Six-legged Robot Teaches Itself To Walk 113
rabiddeity writes "An undergraduate at the University of Arizona has built a six legged robot from scratch. The robot, which is equipped with sensors on each foot, teaches itself to walk and orients itself via an onboard camera. A similar design might be used to explore unstable environments such as collapsed buildings or rocky landscapes."
Re:This is news? (Score:3, Interesting)
The exciting thing is that the robot could compensate when part of itself was damaged and get around/over obstacles
Isn't this the MSR-H01 Hexapod (Score:3, Interesting)
here's the student's video [youtube.com]
Here's video of the MSR-H01 Hexapod:
video 1 [youtube.com]
video 2, at 1:35 it does similar "body wave" movements [youtube.com]
The legs look different, but the student does say on that youtube description "This is a demonstration of the new leg design which is much more solid than the previous design."
Re:This is news? (Score:3, Interesting)
The summary does not do the article justice. This is the first line from the actual article:
The exciting thing is that the robot could compensate when part of itself was damaged and get around/over obstacles
Actually, that's part of the learning algorithms that have been around for a long time. Since it can teach itself to walk, it can re-teach itself with broken appendages.
-Taylor
WTF - This was done 20 years ago!!! (Score:2, Interesting)
Rodney Brooks did this at MIT 20 years ago.
This is news how? I'm hoping (didn't read the article) that there is something special in what they've done, cause this is old news.
http://www.cs.cmu.edu/~chuck/robotpg/attilapg/
http://people.csail.mit.edu/brooks/papers/colt.pdf
http://books.google.com/books?id=VQcCV1VuT_cC&pg=PA71&lpg=PA71&dq=mit+atilla+learns+to+walk&source=bl&ots=n9YkssitMh&sig=zYJ-SRu4KZ7IsWXTPAWeXHVMqCY&hl=en&ei=gZxzS-HeCJCI8Aahg4ydBQ&sa=X&oi=book_result&ct=result&resnum=5&ved=0CB4Q6AEwBA#v=onepage&q=&f=false
Re:Timing of articles (Score:3, Interesting)
Haven't history taught you that violence begets violence?
North and South America serve as a shining beacon of disagreement with that claim.
The reason there's a press release (Score:3, Interesting)

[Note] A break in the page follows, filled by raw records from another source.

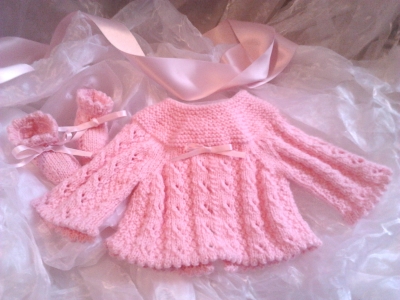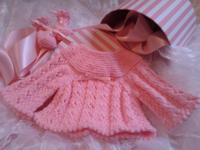 - Joli coffret layette bébé fille ROSE (ou pack cadeau) comprenant une Brassière fermée au dos par 3 pressions transparentes et une paire de Chaussons fermés par un ruban satiné rose que j'ai tricotées 100% fait main. Prêt-à-porter, tricot fait main Bleu blanc neige sur le net réalisé dans un fil classique. A partir de 40 euros, voir sur le site. Taille naissance, coloris rose. 100 % acrylique - Laine spéciale bébé Bergère de France - lavage à 30°. Emballage cadeau soigné avec boite rayée rose/blanc fermée par un joli ruban rose. Possibilité d'envoi postal emballage soigné. Renseignements par mail.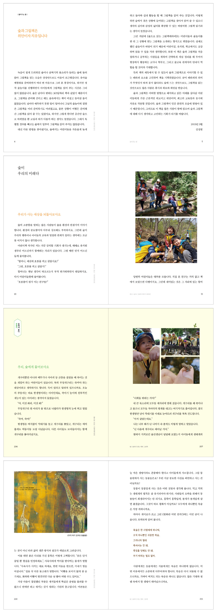 P. 46 ±×¸²Ã¥¿¡¼ ´À³¢´Â °Í°ú ¸¶Âù°¡Áö·Î ½£¿¡¼µµ ½Åºñ·Î¿î dz°æÀ» ¸¸³³´Ï´Ù. ¼Ò¸®¿Í Ã˰¨°ú ³¿»õ¿Í ¸ÀÀ» ¸¸³¯ ¼ö ÀÖ½À´Ï´Ù. ¿À°¨ÀÌ ±âÁö°³¸¦ ÄÕ´Ï´Ù. ¸¶¼ú ÁöÆÎÀ̰¡ ¿Â¸öÀ» °Çµå¸®µí Æò¼Ò¿¡´Â ¾²Áö ¾Ê´ø °¨°¢ÀÌ ÇϳªµÑ ¿¸®±â ½ÃÀÛÇÕ´Ï´Ù. Ưº°ÇÏ°í ³¸¼± ¼Ò¸®°¡ µé·Á¿À°í °®°¡Áö »ö±òµéÀÌ ´«¿¡ µé¾î¿É´Ï´Ù. ±×¸²Ã¥°ú ½£Àº ÀÌ·¸°Ô ž¸é¼ºÎÅÍ °¡Áö°í ÀÖ´ø º»¿¬ÀÇ ¿À°¨À» ¿¾î ÁÝ´Ï´Ù. ¿ÜºÎÀÇ ÀÚ±ØÀ» ¸ö°ú ¸¶À½À¸·Î ´À³¥ ¼ö ÀÖ´Â °Í, À̰ÍÀÌ Å×¶óÇÇÀÔ´Ï´Ù.
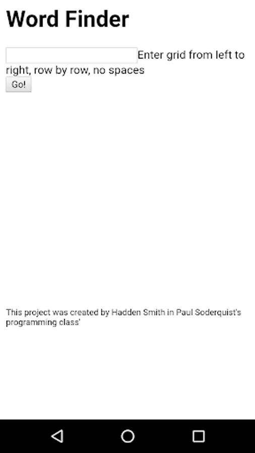 Have you ever played a game that requires users to find words by connecting characters in a grid? This app aims to help someone with that task. Simply type the characters as they appear row after row in the source grid and the app will reveal all words it finds using a dictionary of almost 60,000 English words. It also allows the user to display the path between characters of each word.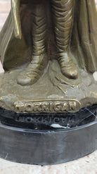 This striking bronze sculpture by Aldo Vitaleh portrays the Celtic Goddess of Battle, a powerful symbol of strength, courage, and mysticism. Captured in a commanding stance, she stands with a poised elegance, accompanied by a bird—an ancient symbol of spirit and foresight in Celtic tradition. Her detailed armor and flowing garments reflect the warrior spirit and divine femininity she embodies.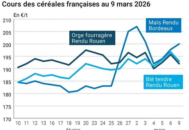 L’évolution des prix du blé, de l’orge et du maïs français entre le 6 et le 9 mars 2026, expliquée par La…

Is that it was impressive enough to catch Intel's attention. It isn't as though this guy was going around to all the news agencies saying "Hey! Look! I made a robot!" No, he made a robot that really impressed his professor. News of it somehow got back to Intel, I suspect his professor probably is friends with someone there, and they said "Wow, that is an amazing little robot. This interests us in particular since it uses our processor." Ok well when a major company is interested in something your university made, you sure as hell put out some information about it. Do remember that universities are having their budgets cut left and right. Might do some good if people were reminded that cool, commercially applicable, stuff can come from them.
Also, if all you saw was 6 legs, well you didn't look very hard. The reason Intel's interest was peaked was the legs, it was how it works. That Stiquito is a simple device, probably a finite state machine, that just does the same thing over and over. Notice that what it has no sensors, just an on/off switch. You turn it on, it follows whatever program is in there to move forward. Not the case with this thing, it uses its camera to see what is happening, and then figures out what to do. It is actually processing data and adapting based on that. Much, much more complex.

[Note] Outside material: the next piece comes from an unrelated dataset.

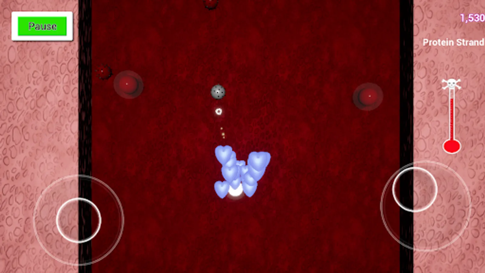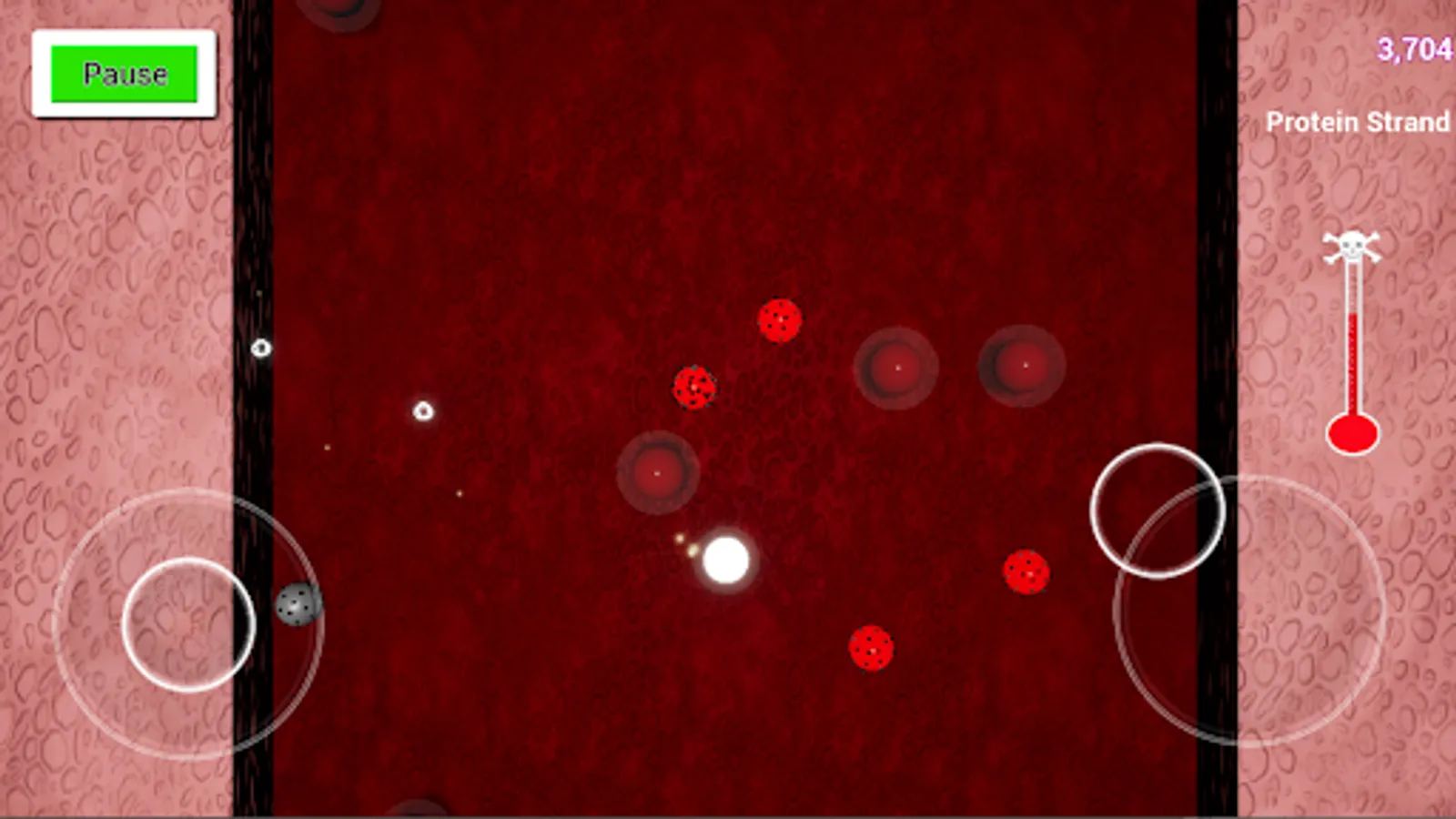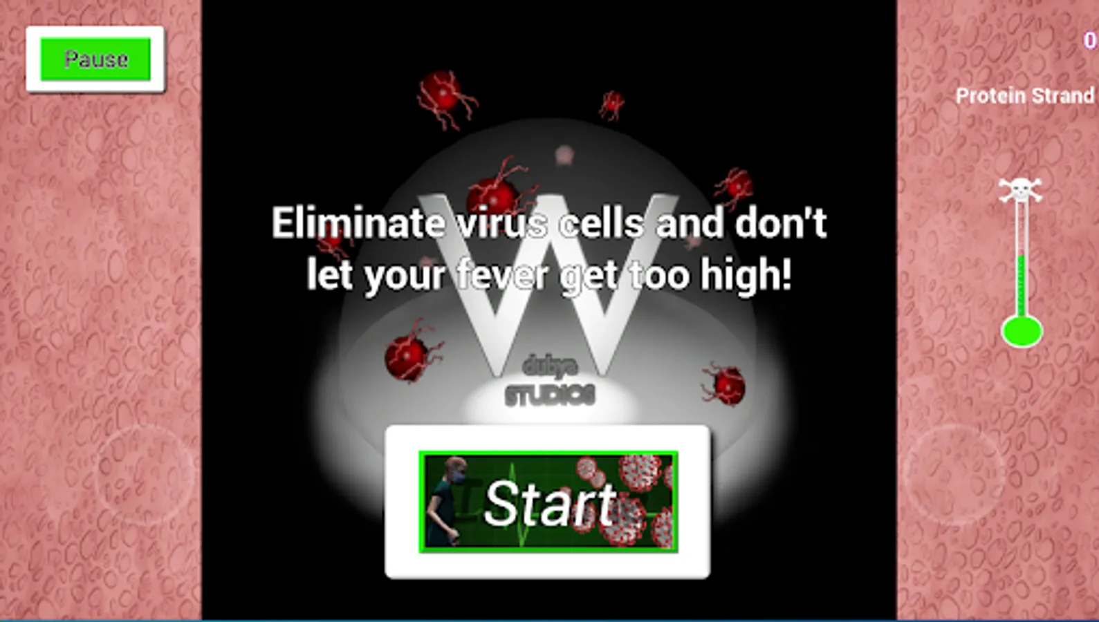 A virus has infiltrated your host. You have been tasked with eradicating the virus. Fire protein strands at virus cells rendering them inert and at infected cells to destroy them before they release more of the invaders and infect healthy cells. If you let too many escape your fever will rise to a critical level and eventually take your host! Destroy enough of the virus and lower your temperature to defeat the invader. Twin stick shooter

Re:Six legs not too hard (Score:3, Interesting)
He built it for a cognitive robotics class, so the emphasis was on the software, not the hardware (it uses a webcam and optical flow calculation for movement detection, for feedback into the learning algorithm). The FOX article is a horrible source for this story, but if you Google a bit you can find that he used a 3-D printer to build his own legs for the slick version shown - definitely not a kit!